▶ **Task item**
Would you quote every entry exactly, dropping only the pictures?

(Items listed in a dataset)
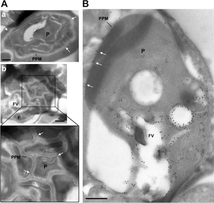 Ultrastructural detection of PfRab5b in P. falciparum-infected RBC. Immuno-electron microscopy of schizonts (A) and a large trophozoite (B) of P. falciparum labelled with specific anti-PfRab5B antibodies, revealing the presence of gold particles both on the food vacuole (FV) and the parasite plasma membrane (PPM, white arrows) in trophozoites and exclusively on parasite plasma membrane for late stages. P, parasite; r, rhoptry. Scale bars, 150 nm.Ezougou CN, Ben-Rached F, Moss DK, Lin JW, Black S, Knuepfer E, Green JL, Khan SM, Mukhopadhyay A, Janse CJ, Coppens I, Yera H, Holder AA, Langsley G. Plasmodium falciparum Rab5B Is an N-Terminally Myristoylated Rab GTPase That Is Targeted to the Parasite's Plasma and Food Vacuole Membranes. PLoS One. 2014 9(2):e87695.
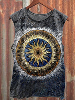 Retro Spirit Sun Art Print Casual Cotton Tank Top
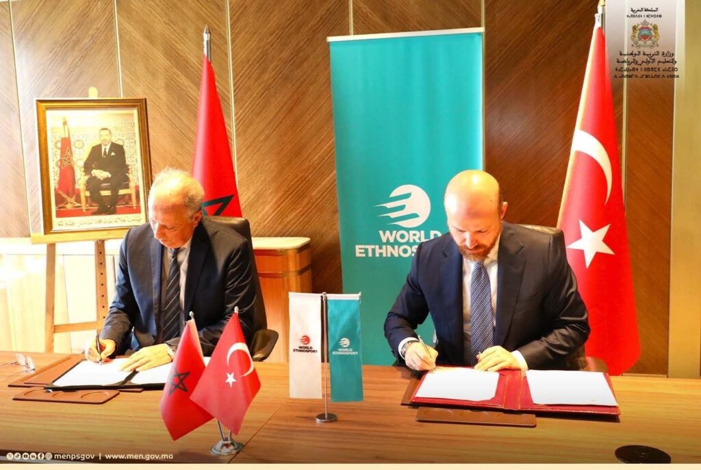 وقع السيد محمد سعد برادة ، وزير التربية الوطنية والتعليم الأولي والرياضة ، والسيد نجم الدين بلال اردوغان ، رئيس الاتحاد العالمي للرياضات التقليدية ، بحضور السيد مصطفى إيلكر كيليتش ، سفير جمهورية تركيا لدى المملكة المغربية ، يوم الثلاثاء 30 شتنبر 2025 بالدار البيضاء ، مذكرة تفاهم تروم تعزيز التعاون من أجل نشر وتطوير الرياضات والألعاب التقليدية ، عبر شراكة مستدامة تعكس القيم الثقافية الفريدة لمختلف البلدان والمناطق ، كما تمهد لتوسيع نطاق التعاون وتنفيذ مشاريع مستقبلية مشتركة.
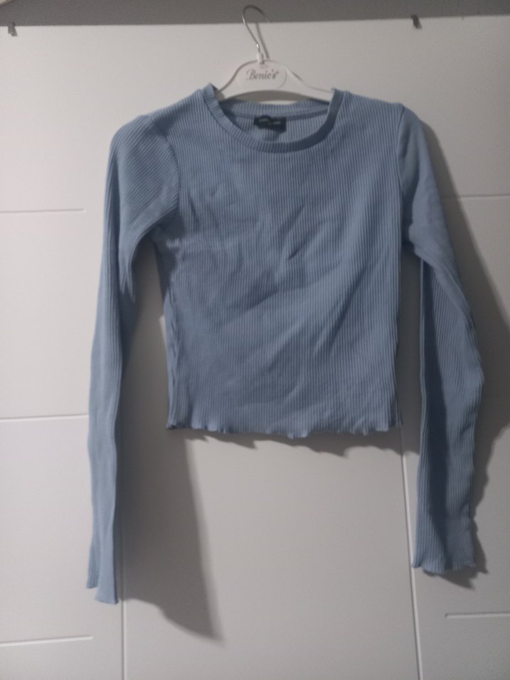 Uzun kollu, yuvarlak yakalı ve vücuda oturan kesime sahip mavi kadın triko. Yumuşak keten kumaştan üretilmiş, günlük kullanım için rahat ve şık bir parça.
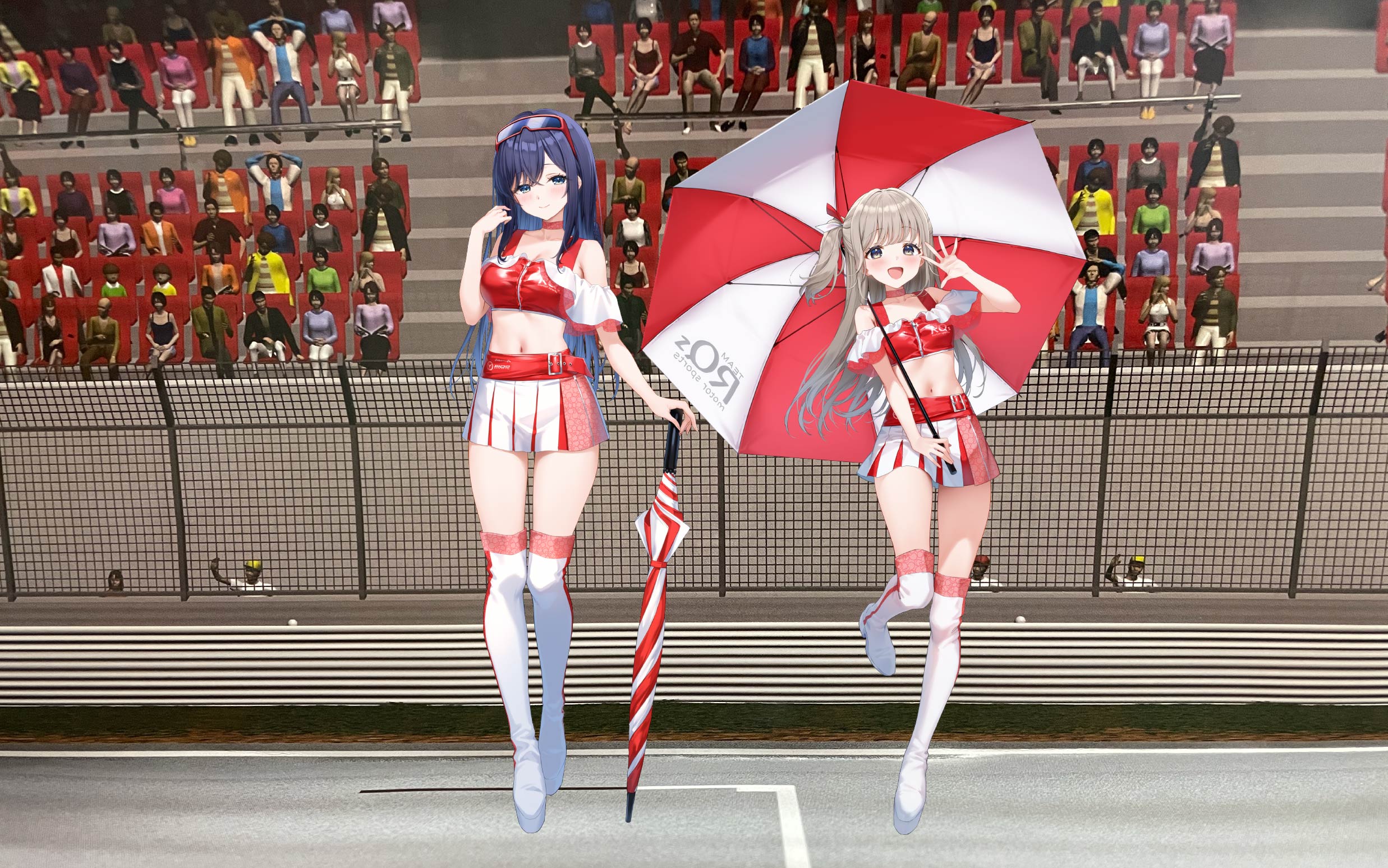 R’Qs Motor Sportsのレースアンバサダー衣装をまとった 篠宮セイラ と 星野ユイナ がサーキットを華やかに彩ります。
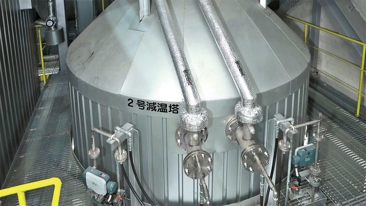 7高温の排ガスに水を直接吹き付けて、処理しやすい温度にします。

▶ **Answer section**
 Ultrastructural detection of PfRab5b in P. falciparum-infected RBC. Immuno-electron microscopy of schizonts (A) and a large trophozoite (B) of P. falciparum labelled with specific anti-PfRab5B antibodies, revealing the presence of gold particles both on the food vacuole (FV) and the parasite plasma membrane (PPM, white arrows) in trophozoites and exclusively on parasite plasma membrane for late stages. P, parasite; r, rhoptry. Scale bars, 150 nm.Ezougou CN, Ben-Rached F, Moss DK, Lin JW, Black S, Knuepfer E, Green JL, Khan SM, Mukhopadhyay A, Janse CJ, Coppens I, Yera H, Holder AA, Langsley G. Plasmodium falciparum Rab5B Is an N-Terminally Myristoylated Rab GTPase That Is Targeted to the Parasite's Plasma and Food Vacuole Membranes. PLoS One. 2014 9(2):e87695.
 Retro Spirit Sun Art Print Casual Cotton Tank Top
 وقع السيد محمد سعد برادة ، وزير التربية الوطنية والتعليم الأولي والرياضة ، والسيد نجم الدين بلال اردوغان ، رئيس الاتحاد العالمي للرياضات التقليدية ، بحضور السيد مصطفى إيلكر كيليتش ، سفير جمهورية تركيا لدى المملكة المغربية ، يوم الثلاثاء 30 شتنبر 2025 بالدار البيضاء ، مذكرة تفاهم تروم تعزيز التعاون من أجل نشر وتطوير الرياضات والألعاب التقليدية ، عبر شراكة مستدامة تعكس القيم الثقافية الفريدة لمختلف البلدان والمناطق ، كما تمهد لتوسيع نطاق التعاون وتنفيذ مشاريع مستقبلية مشتركة.
 Uzun kollu, yuvarlak yakalı ve vücuda oturan kesime sahip mavi kadın triko. Yumuşak keten kumaştan üretilmiş, günlük kullanım için rahat ve şık bir parça.
 R’Qs Motor Sportsのレースアンバサダー衣装をまとった 篠宮セイラ と 星野ユイナ がサーキットを華やかに彩ります。
 7高温の排ガスに水を直接吹き付けて、処理しやすい温度にします。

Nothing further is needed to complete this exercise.